A book by Thomas Sugrue about the life and work of Edgar Cayce.

From Edgar Cayces Story of Jesus:

The following reading (5749-14), was given to Thomas Sugrue as a basis for the philosophy chapter in There Is A River. It is here reproduced in its entirety.

You will have before you the inquiring mind of the entity, Thomas Sugrue, present in this room, and certain of the problems confronting him in composing the manuscript of There Is A River.

The entity is now ready to describe the philosophical concepts which have been given through this source, and wishes to parallel and align them with known religious tenets, especially those of Christian theology.

The entity does not wish to set forth a system of thought, nor to imply that all questions of a philosophical nature can be answered through this source – the limits of the finite mind preventing this.

But the entity wishes to answer those questions which will naturally arise in the mind of the reader of many of the questions which are being asked by all people in the world today.

Therefore, the entity presents certain problems and questions, which you will answer as befits the entity's understanding and the task of interpretation before him.

Mr. C.: Yes, we have the inquiring mind, Thomas Sugrue, and those problems, those questions that arise in the mind of the entity at this period. Ready for questions.

Q. 1– The first problem concerns the reason for creation. Should this be given as God's desire to experience Himself, God's desire for companionship, or in some other way?
A. 1– God's desire for companionship and expression.

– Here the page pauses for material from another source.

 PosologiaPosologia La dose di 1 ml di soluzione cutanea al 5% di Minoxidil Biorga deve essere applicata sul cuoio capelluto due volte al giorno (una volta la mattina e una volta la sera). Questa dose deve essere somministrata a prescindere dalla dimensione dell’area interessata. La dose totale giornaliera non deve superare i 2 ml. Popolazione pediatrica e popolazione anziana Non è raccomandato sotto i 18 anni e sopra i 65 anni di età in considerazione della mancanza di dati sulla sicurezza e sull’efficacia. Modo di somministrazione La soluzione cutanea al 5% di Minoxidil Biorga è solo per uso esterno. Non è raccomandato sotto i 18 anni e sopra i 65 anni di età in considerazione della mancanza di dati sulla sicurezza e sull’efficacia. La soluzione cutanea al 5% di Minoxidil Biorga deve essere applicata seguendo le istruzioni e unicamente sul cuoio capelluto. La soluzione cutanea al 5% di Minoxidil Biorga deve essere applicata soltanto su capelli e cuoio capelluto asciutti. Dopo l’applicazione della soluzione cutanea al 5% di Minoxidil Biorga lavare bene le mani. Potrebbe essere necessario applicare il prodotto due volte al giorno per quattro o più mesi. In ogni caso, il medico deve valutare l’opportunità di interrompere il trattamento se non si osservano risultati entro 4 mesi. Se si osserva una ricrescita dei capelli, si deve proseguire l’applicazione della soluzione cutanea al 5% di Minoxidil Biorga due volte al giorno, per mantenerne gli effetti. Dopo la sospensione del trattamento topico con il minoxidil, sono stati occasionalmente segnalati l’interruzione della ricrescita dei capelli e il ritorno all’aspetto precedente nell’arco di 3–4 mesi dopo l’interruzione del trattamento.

Q. 2– The second problem concerns that which is variously called evil, darkness, negation, sin. Should it be said that this condition existed as a necessary element of creation, and the soul, given free will, found itself with the power to indulge in it, or lose itself in it? Or should it be said that this is a condition created by the activity of the soul itself? Should it be described, in either case, as a state of consciousness, a gradual lack of awareness of self and self's relation to God?
A. 2– It is the free will and its losing itself in its relationship to God.

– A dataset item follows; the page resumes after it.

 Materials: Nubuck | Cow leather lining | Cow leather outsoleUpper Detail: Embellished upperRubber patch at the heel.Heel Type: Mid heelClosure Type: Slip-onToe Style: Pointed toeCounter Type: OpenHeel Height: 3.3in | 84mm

Q.3– The third problem has to do with the fall of man. Should this be described as something which was inevitable in the destiny of souls, or something which God did not desire but which He did not prevent once He had given free will? The problem here is to reconcile the omniscience of God and His knowledge of all things with the free will of the soul and soul's fall from grace.
A. 3– He did not prevent, once having given free will. For He made the individual entities or souls in the beginning. The beginnings of sin, of course, were in seeking expression of themselves outside of the plan or way in which God had expressed same. Thus it was the individual, see?
Having given free will, then – though having the fore-knowledge, though being omnipotent and omnipresent – it is only when the soul, that is a portion of God, chooses that God knows the end thereof.

Q. 4– The fourth problem concerns man's tenancy on earth. Was it originally intended that souls remain out of earthly forms, and were the races originated as a necessity resulting from error?
A. 4– The earth and its manifestations were only the expressions of God and not necessarily as a place of tenancy for the souls of men, until man was created to meet the needs of existing conditions.

Q.5 - The fifth problem concerns an explanation of the Life Readings. From a study of these it seems that there is a trend downward from early incarnations towards greater earthliness and less mentality. Then there is a swing upward, accompanied by suffering, patience and understanding. Is this the normal pattern which results in virtue and oneness with God obtained by free will and mind?
A.5 – This is correct. It is the pattern as it is set in Him. (The Master).

Q. 6– The sixth problem concerns interplanetary and intersystem dwelling between earthly lives. It was given through this source that the entity Edgar Cayce, after the experience as Uhjltd, went to the system of Arcturus, and then returned to earth. Does this indicate a usual or unusual step in soul evolution?
A. 6– As indicated, or as has been indicated in other sources besides this one as respecting this very problem, Arcturus is that which may be called the center of this universe, through which individuals pass and at which period there comes the choice of the individual as to whether it is to return to complete there – that is, in this planetary system, our sun, the earth sun and its planetary system, or to pass on to others. This was an unusual step, and yet a usual one.